India has about a 1.1 billion population, and we have 900,000 new cancer cases in a year. At any time, we will be having 3 million prevalent cases. Every year, 400,000 die due to cancer. The major problem also comes from the fact that 45% of all these cancers are tobacco-related. The people in our country are habituated to tobacco in many forms. They smoke of course, and they chew tobacco, they keep tobacco in their mouth, sleep overnight. Because of all these things 45% of all cancers like cancer of the head and neck region, the lung and stuff like this are tobacco-related. And basically they are preventable cancers.


In fact another major problem which I should add here is that about 80% of these cancers out of these 900,000 cancers present in stage three and four, that is also another problem. Only 20% of them present early. We teach our students the formula of 80 and 20, that says that 20% of cancer in our country presents early, out of which 80% can be cured; and 80% present late, out of which only 20% can be cured. That is why cancer is thought to be so bad. It is not actually so bad if they come early.


And we have a national cancer control programme in this country and that programme is running well. The major objectives and aims of this programme, number one is prevention of the preventable cancers, like tobacco-related cancers can be prevented just by stopping tobacco. So that programme is having an effect gradually. The second preventable cancer in our country is cervical cancer. As you know, cervical cancer is a virus-related cancer, HPV16 and 18. And in our ladies, cervical cancer is number one. So what is being done now is health education programmes are being promoted, propagated; we are now trying to propagate hygiene, good personal hygiene, so that you can avoid this HPV16 and 18 contact by these persons.


The second aim of the programme is the early detection of the several early-detectable cancers. I can tell you that almost 60% of cancer can be detected early in our country, and are being detected with this programme. The early cancer of the head and neck region, like tongue, mouth, cheek, breast, cervix, all these cancers can be detected early, so that is the second aim of the programme.
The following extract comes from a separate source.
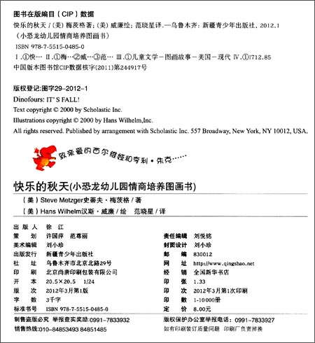 《小恐龙幼儿园情商培养图画书:快乐的秋天》讲述你认识小恐龙幼儿园的小朋友吗?他们是一群活泼、可爱的小恐龙,他们在幼儿园里非常快乐!瞧,小朋友们在五彩缤纷的秋天里享受户外游戏的乐趣……可是,布兰登好端端地却给艾伯特起了一个外号,让艾伯特心里好气恼!快来加入可爱小恐龙的队伍,你会和布兰登一样明白:想要别的小朋友怎样对待自己,自己就先要怎样对待他们。

Third is the augmentation of the treatment facilities. Treatment facilities which mainly include the surgery, radiotherapy and chemotherapy are being augmented. And the next aim is the palliative care. Many patients in our country require palliative care so what the plan aims is to provide palliative care on their doorsteps, giving them morphine, practically free of cost, and giving them other facilities which alleviate their pain and symptoms. So these are the major problems.


The problem which we are facing right now is the number, the large number, a population of 1.1 billion, and 900,000 cases. Gradually we are trying to tackle this problem, but it will take some more time until all the problems are tackled.